Sharma, Murali (1993) Renormalization corrections in heavy colored scalar effective field theory. Dissertation (Ph.D.), California Institute of Technology. doi:10.7907/k333-2a97. https://resolver.caltech.edu/CaltechTHESIS:01082013-134838904

Abstract

Recently, QCD processes involving a heavy quark at energ1es much smaller than its mass have been examined in an effective field theory approach. In this 'heavy quark theory', the mass of the quark is taken to infinity while its four velocity is held fixed. The effective theory has a large set of symmetries because of the decoupling of the flavor (when the kinematic dependence on masses is removed) and spin of the heavy quark from its interactions with the light degrees of freedom . As a consequence, several matrix elements of the theory are determined in terms of a single function, the Isgur-Wise function. Being nonperturbative in character, this function is not fully calculable. However, it has a calculable logarithmic dependence on the masses of the heavy particles, arising from QCD effects in the full theory.

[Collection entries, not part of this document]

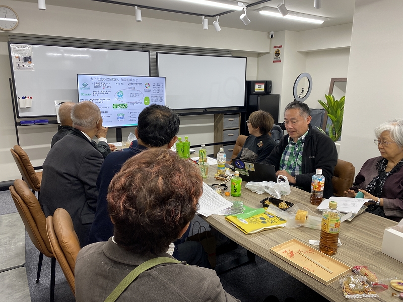 交流会では、「地域の自然を守るタオル®」(ECOひいきプロジェクト)でおなじみの太平電機の樋口公平社長より、ハンカチタオル販売に至った背景や、現在取り組んでいる希少動物のロードキル対策のためのセンサーシステム設置の取り組みについて紹介していただきました。
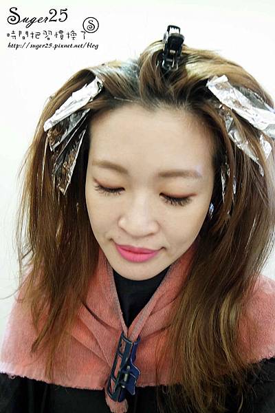 然後沖洗掉後,就整顆頭染 深色的霧面棕
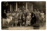 [Grupo de personas en un jardín] [fotografía]. [Chile : entre 1920 y 1930]. 1 fotografía : monocromo, gelatina sobre papel fibra ; 9 x 14 cm. .
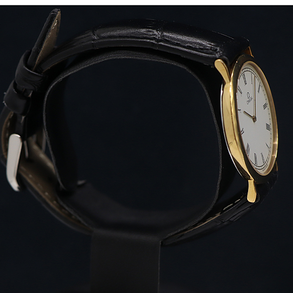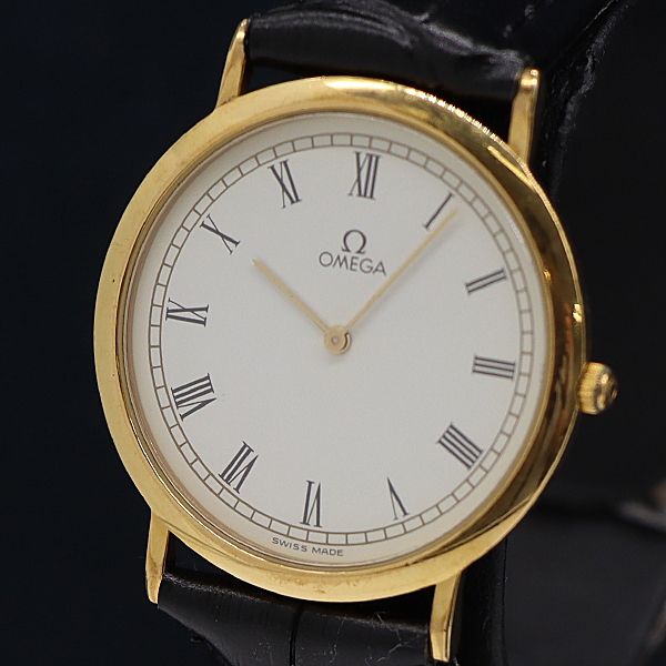 1円 稼働 良品 オメガ デビル QZ アイボリー文字盤 メンズ腕時計 0277200 9BGT KMR
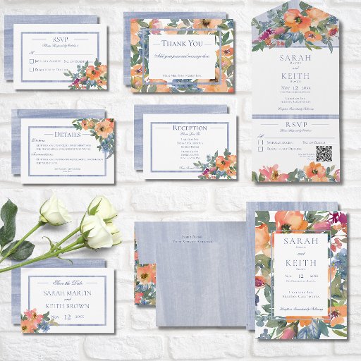 Peach & Blue Floral Frame Wedding Suite CardsDesigned by Kathe Santillo
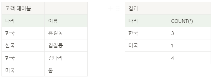 - 해석: ‘나라’로 그룹화하고, ‘나라’로 그룹핑된 갯수를 출력해라. 그리고 총 합계도 출력해라

Some extensions of the standard model contain heavy color triplet scalars. It is instructive therefore to consider the analogous effective field theory for scalars. In processes where pair production does not occur, the statistics of the heavy particles are irrelevant, and their interactions are identical with those of quarks. Thus there is a 'superflavor symmetry' that interchanges quarks and scalars, and a flavor symmetry between scalars. Again, these symmetries determine several matrix elements involving scalars up to the same Isgur-Wise function. In this thesis, the logarithmic mass dependence of the operators ϕ_2^†ϕ_1, ϕ_2^† (ὶð^µ ϕ_1), and (ὶð^µ ϕ_2) ^† ϕ_1 is calculated. The latter two operators mix under renormalization.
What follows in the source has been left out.